| ACTIVITY |
Print only the lines running from the line with "20個セット 黒マスクセット ストリートファッション" to the final line below, both included, exactly as written and without the pictures.

| MATERIAL PROVIDED |
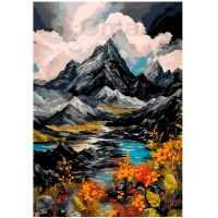 Sukeldu looduse vägevusse ja rahusse selle numbrimaaliga. Majesteetlikud mäed, sillerdav järv ja leekivad sügisvärvid loovad pildi, mis kõnetab. Iga pintslitõmme justkui kajab — see on tippude kaja, mis puudutab hinge. Sobib neile, kes hindavad looduse suurust ja soovivad seda ise luua.
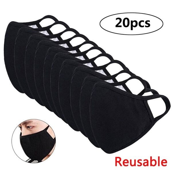 20個セット 黒マスクセット ストリートファッション 防塵 綿 ユニセックス フェイスマスク 冬 暖かい 布マスク
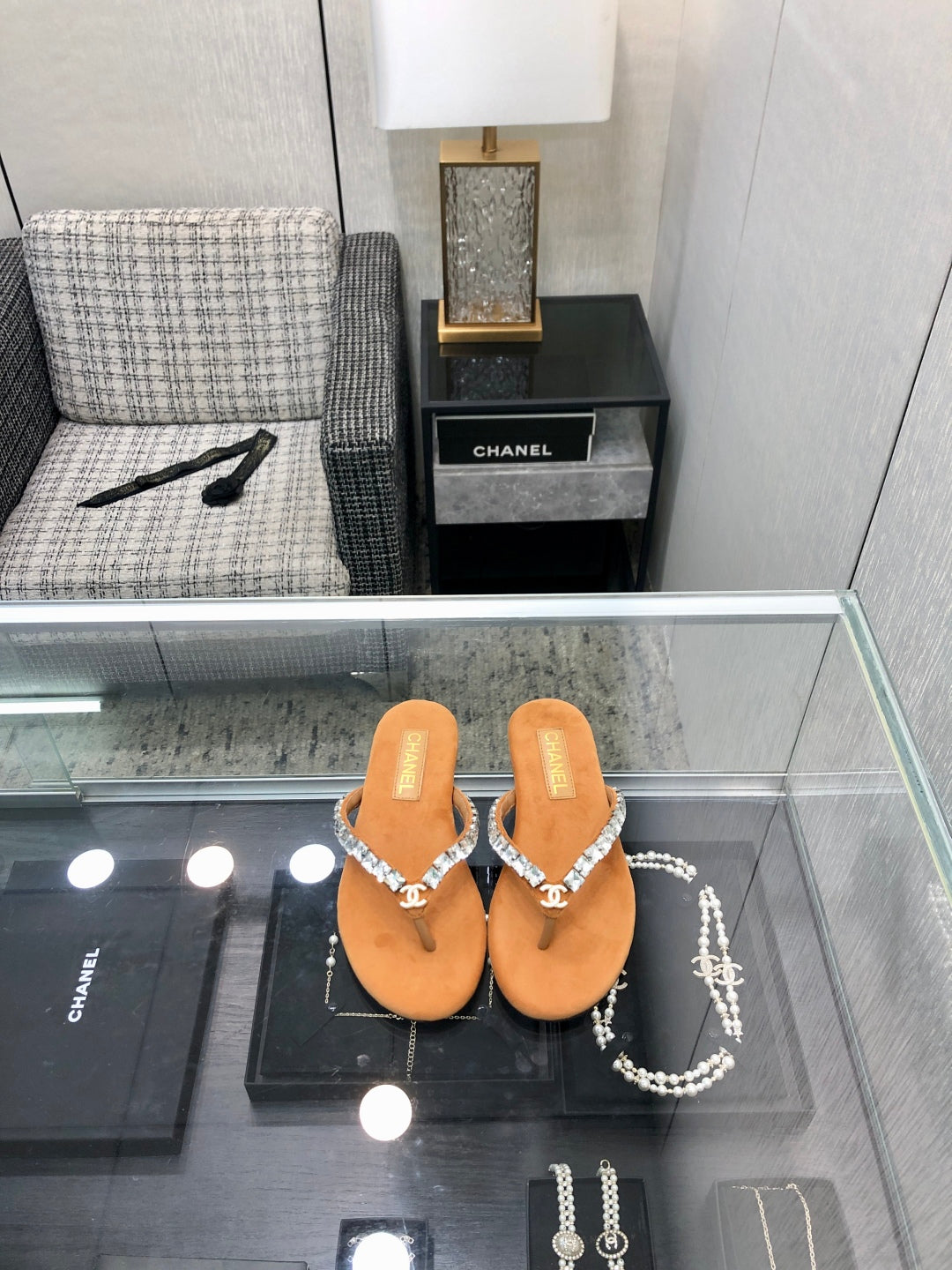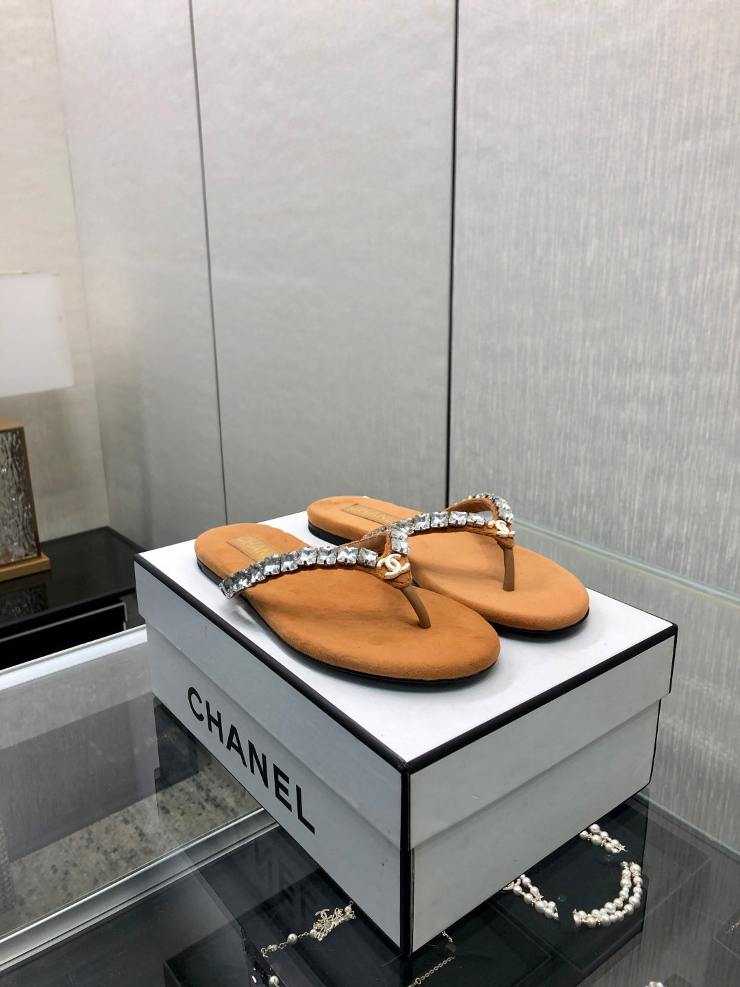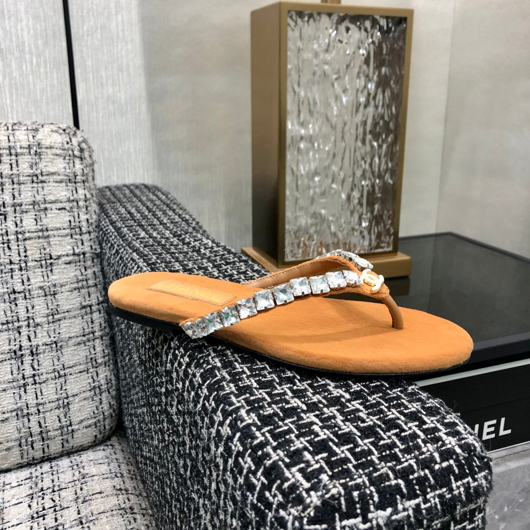THONG SLIDE IN BRONZE BROWN SUEDE WITH WHITE CRYSTALS

| RESULT FOR THIS TASK |
 20個セット 黒マスクセット ストリートファッション 防塵 綿 ユニセックス フェイスマスク 冬 暖かい 布マスク
THONG SLIDE IN BRONZE BROWN SUEDE WITH WHITE CRYSTALS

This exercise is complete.